# Moving to NL. Where to start?



## Selina1113x (Apr 8, 2017)

Sooo, i'll keep it as short as possible, as it's probably been said 1000xs of times.

I am a young female, mother of two children, and moving to the Netherlands has been a dream of mine for ages, except I seriously don't know where to start, all I know is by 2018 I'd like it to be either completed, or at least the process to move started 

I haven't worked in the UK for just under 2 years now due to separating with my children's father. But finding work for over there from the UK is my main priority and where I think I should start(?) - Any good websites for English speakers jobs?

Also, I'm mainly concerned about being able to afford childcare while working, my children will both be in school, but will need after school care also. Is it expensive? Could I get help to cover that?

I'm highly considering the Eindhoven area, because I have friends there, but should I consider the more 'popular' area around the capital?

Also, do I need saving's to move just incase?
I'm still learning Dutch so how does that affect my job prospects?
Is it difficult to get a job as an non-Dutch speaker?


I'm just so confused on where to start, like I have a checklist, but it's just not sinking in, anyone who has moved, what were your first moves in making it happen? Where did you start?


----------



## Parbogirl (Apr 12, 2017)

Don't move to Amsterdam as housing is very expensive. First make sure you have a job before you move. I think Holland is one of the most difficult countries to move to as there are so many rules that even the Dutch don't know. Good luck.


----------



## Bevdeforges (Nov 16, 2007)

As far as I know there are no websites for English speaking jobs in most non-English speaking countries. And the Netherlands is probably particularly tricky because most people there speak very good English (as well as another language or two in addition to their native command of Dutch). You could try some of the international organizations, most of which seem to be located in the Hague (though that, too, is a pretty expensive area to live in). 

Mainly, though, it will depend on what your qualifications and experience are. 

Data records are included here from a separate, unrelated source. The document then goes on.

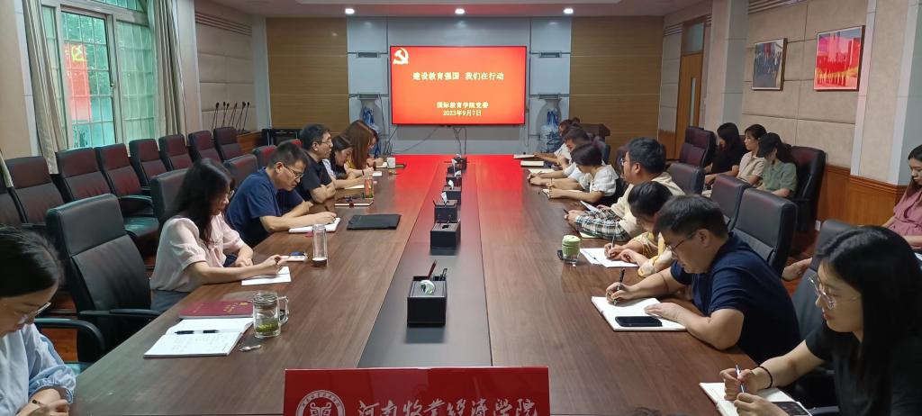 在第39个教师节来临之际,为充分展现国际教育学院教师队伍立德树人、自信自强的精神风貌,营造尊师重教的良好氛围,近日,国际教育学院在教学办公楼113会议室组织开展了“建设教育强国 我们在行动”专题活动。学院全体教职工参加活动。活动由副院长王胜男主持。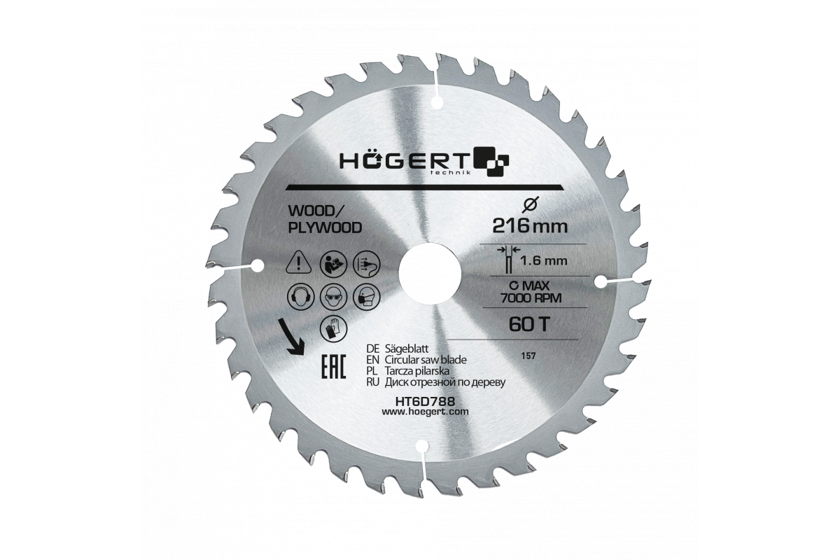 HOEGERT Диск пильный по дереву 216x60Tx30, Mn65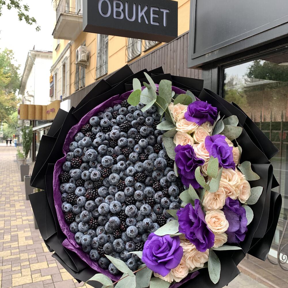 Lisianthus - 3 pcs Eucalyptus - 1 pcs Blackberry - 10 pcs Blueberry - 45 pcs rose spray - 5 pcs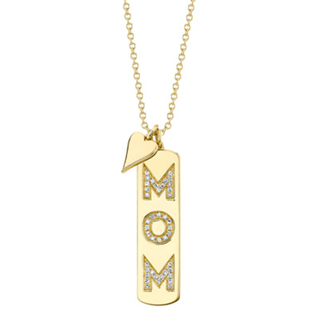 14k Yellow Gold Diamond Bar "MOM" Pendant Necklace with Adjustable Chain.

If you have friends in Eindhoven, perhaps they could help you in exploring the job market, or at least offer to introduce you around a bit when you make an exploratory visit.
Cheers,
Bev


----------



## Marinos (Aug 15, 2013)

Selina1113x said:


> Sooo, i'll keep it as short as possible, as it's probably been said 1000xs of times.
> 
> I am a young female, mother of two children, and moving to the Netherlands has been a dream of mine for ages, except I seriously don't know where to start, all I know is by 2018 I'd like it to be either completed, or at least the process to move started
> 
> ...




NL is a great place, moving is not such a big deal so would not be too concerned 
I don't speak Dutch and have never had an issue with Government departments etc 

You should Definitely learn Dutch and be as fluent as possible ...........this will have a big impact on your ability to find work

check out site like Living in the Netherlands for expats, by expats | Expatica the Netherlands you should be able to get most the answers you are looking for 

good luck


----------



## cschrd2 (Oct 31, 2011)

Coming from the UK you should have not to many issues with the most difficult thing, the unpredictable weather. The laws are pretty strict on labor. You need to have special skills or otherwise eligible for immigration. You can find official guideline on the IND website (www.ind.nl).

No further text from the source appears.